— Ты говоришь о дочери аристократа, — сквозь зубы перебил ее Штефан.
— Она рабыня! — выкрикнула София с такой яростью, что лицо ее покраснело. — Рабыня, ясно?! Девка для утех и не более! Ты думаешь, какое-то имя, пусть даже она была бы дочерью Князя, сделало бы ее равной по положению мне?! — она расхохоталась. — Ты что, считаешь, что она стала такой же, как мы? Равной мне и тебе?! — сделала она акцент на последнем слове. — Она невольница! Рабыня! И золотая цена ей одна медная монета!
В один миг Штефан преодолел расстояние, что разделяло их, и, схватив Софию, резко прижал ее к стене.
— Не смей говорить так, поняла? Никогда! — зашипел он ей в лицо. — Она лучше тебя и меня! В сто раз лучше! Она не такая сука, как ты, и не такая мерзавка, как я! И ты не имеешь права обвинять ее в чем-то!
— Да если бы я не подтолкнула ее в постель к Кариму, она бы и сама рано или поздно раздвинула перед ним ноги! — взбесилась леди Бодлер, пытаясь оттолкнуть мужчину от себя.
— Она бы никогда не легла под него! — заорал ей в лицо Штефан, сорвавшись. — Никогда, тебе ясно?! Чем вы ее опоили, прежде чем она легла с Вийаром? Я знаю, что она по своей воле никогда не сделала бы этого!
— Ой ли, — отмахнулась София, резко выдергивая свои руки из его захвата, но так и не освободившись. — А не думаешь ли ты, что твоя девка тебя обманывала? Спала с тобой, а мечтала о Кариме! — ее слова пропитал яд, который медленно убивал Штефана. — Он мне признавался, что она смотрит, будто пожирает взглядом!
— Ты лжешь, София! — вскричал Штефан, сильнее налегая на девушку и причиняя ей боль. — Лжешь! И я знаю это. Думаешь, стала бы Княгиней, дорогая моя? — едко выплюнул он, чем вынудил красивое женское лицо побледнеть. — Взошла бы на трон Кэйвано и стала править? — продолжал полосовать ее словами Князь. — Никогда. Слышишь меня, никогда! Ты не достойна того, чтобы носить титул Княгини!

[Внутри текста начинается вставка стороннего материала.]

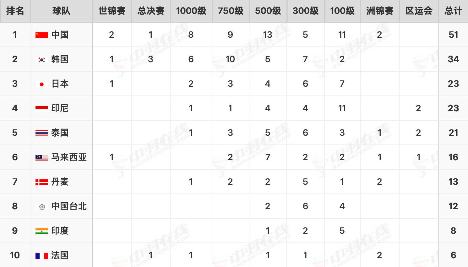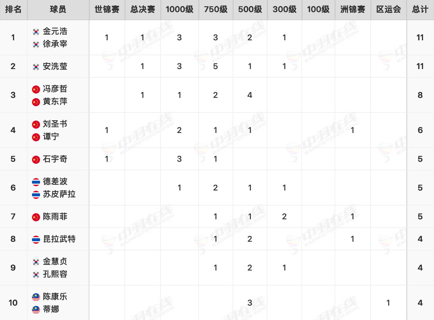 12月21日,随着年终总决赛落幕,世界羽联巡回赛2025赛季全部比赛结束,冠军统计榜单随即出炉,在球队榜国羽以51枚金牌高居榜首,球员榜则由韩国的金元浩/徐承宰(个人12冠)、安洗莹各夺得11枚金牌包揽前二。

Мелочная, подлая и лживая тварь, а не аристократка! — прошипел мужчина ей в лицо, пронзая девушку молниями глаз, и резко отпустил ее, выпуская из своих рук и отходя на расстояние нескольких шагов. — Лживая сука! — будто выплюнул он и отвернулся.
— Ненавижу тебя, — услышал он ее сиплый, еще немного ошарашенный голос. А потом ему в спину метнулся ее взбешенный яростный выкрик: — Ненавижу тебя, Штефан Кэйвано, и вечно буду ненавидеть! Ты и твоя девка еще ответят мне за всё!
— Только попробуй к ней хоть на шаг подойти! — рыкнул он, стремительно повернувшись к мстительнице лицом. — Только попробуй, София! Я отправлю тебя туда, где ты ничего и никому сделать не сможешь!
— Ты ничего мне не сделаешь, Князь! — ядовито расхохоталась девушка, зло глядя на него. — Ни-че-го! Я, как ты успел отметить, аристократка. В чем ты меня хочешь упрекнуть? Я разве пошла против правил? — ее глаза блеснули. — Если уж говорить о нарушении законов, то это ты переступил черту! Ты, а не я!
Штефан уставился на нее, сжимая руки в кулаки.
— Я тебя предупредил, София, — выговорил он сквозь зубы. — Только приблизишься к ней, я не отвечаю за последствия. Я предупредил, — холодно выдавил он и покинул дышащую ненавистью дворянку.
Они расстались лютыми врагами. Примирить их не смог и Натан Бодлер, который приезжал в Багровый мыс, якобы, для важного разговора, а на самом деле, ходатайствуя за дочь. Штефан не принял мирного соглашения, как, он был уверен, не приняла его и сама София. С того дня они не виделись, но Штефан знал, что эта обида в ней не заживет еще очень долго. Если вообще когда-нибудь заживет.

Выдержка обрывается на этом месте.